Ya para terminar la narración de mis aventuras con el
deporte de la Natación, añadiré una experiencia que está al alcance de muy
pocos. Durante una Convención del laboratorio AstraZéneca en Finlandia, en
pleno mes de enero, nos desplazamos un día a la ciudad costera de Kemi. Allí
nos embarcamos en el rompehielos “Sampo” para abrir caminos por la helada
superficie del mar Báltico. Salimos a las cinco de la tarde y era noche cerrada.
La temperatura era de –20ºC o quizás algo más baja aún, por lo menos la
sensación térmica, ya que la brisa helada penetraba hasta los huesos a pesar
del mono térmico que llevábamos. ¡Cómo sería el frío reinante que mi cámara
fotográfica dijo “¡basta!” y se bloqueó, y ya no pude hacer más fotos!

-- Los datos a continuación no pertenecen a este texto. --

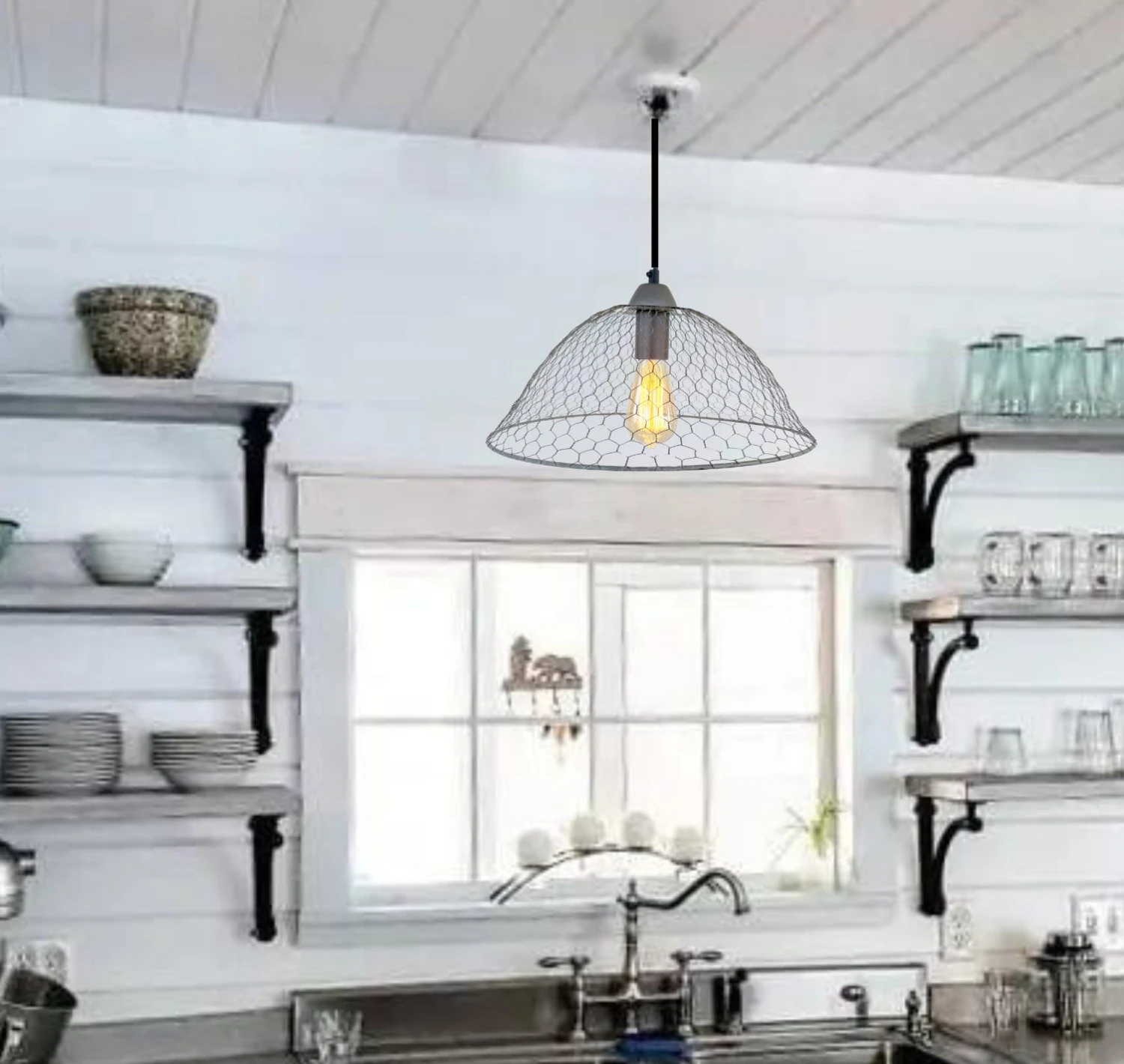 Farmhouse, country or cottage decor, this original ‘chicken wire’ pendant light will charm your friends. As a hanging light fixture in a rustic finish, it will add a casual touch to kitchen island, laundry room or favorite reading spot. Large in size gives this farmhouse pendant light plenty of impart for the space.

Al cabo
de una hora de navegación, escuchando el imponente crujir de la superficie del
mar que iba quebrando el barco, éste se detuvo. Nos ofrecieron una experiencia
inédita: bañarnos en las heladas aguas del Báltico en el canal que acababa de
abrir el rompehielos. Hubo unos cuantos valientes, entre ellos yo, que nos
animamos y pasamos a ponernos un traje de neopreno, de color naranja, con el
que parecíamos no sé si un Teletubbie o el muñeco de Michelín en color butano.
Bajamos por la escalerilla y caminamos por la superficie helada del mar, sobre
la que habían clavado unas antorchas para iluminar el camino. La capa de hielo
era tan gruesa que no había riesgo de que se rompiese y alguno de nosotros
cayese al abismo de las profundidades. Desde el barco enfocaron con unos
reflectores el canal abierto, un canal de aguas completamente negras (era noche
cerrada). Ataviado, pues, con ese traje, me introduje en el mar con cuidado que
no me salpicase agua a la cara, que era la única parte descubierta de mi
cuerpo. Lo del traje térmico funcionaba, porque no sentí nada de frío y estuve
un buen rato flotando y realizando gráciles movimientos natatorios en el agua
como si fuésemos aprendices de pato. Igual que yo disfrutaron todos aquellos
que se atrevieron a sumergirse en el mar... bueno, todos menos uno. Este tuvo
menos suerte y el traje de neopreno que le dieron tenía una raja por donde se
le coló el agua helada y tan pronto sintió aquél frío, como cuchillos afilados,
tuvo que salir a toda prisa. Meterse en el agua no era difícil; lo complicado
era salir. Cuando llegabas al borde y tratabas de agarrarte al borde de la
superficie helada te escurrías y si no hubiera sido por los marineros del barco
que nos ayudaron a salir, pescándonos como si fuésemos atunes (aunque sin
emplear ganchos, afortunadamente) nos hubiéramos quedado allí para siempre.
Como recuerdo de aquella experiencia de practicar la Natación en condiciones
tan extremas, me queda un Diploma en el que puede leerse: “Certificate of
participation in icebreaking operations under Artic conditions”.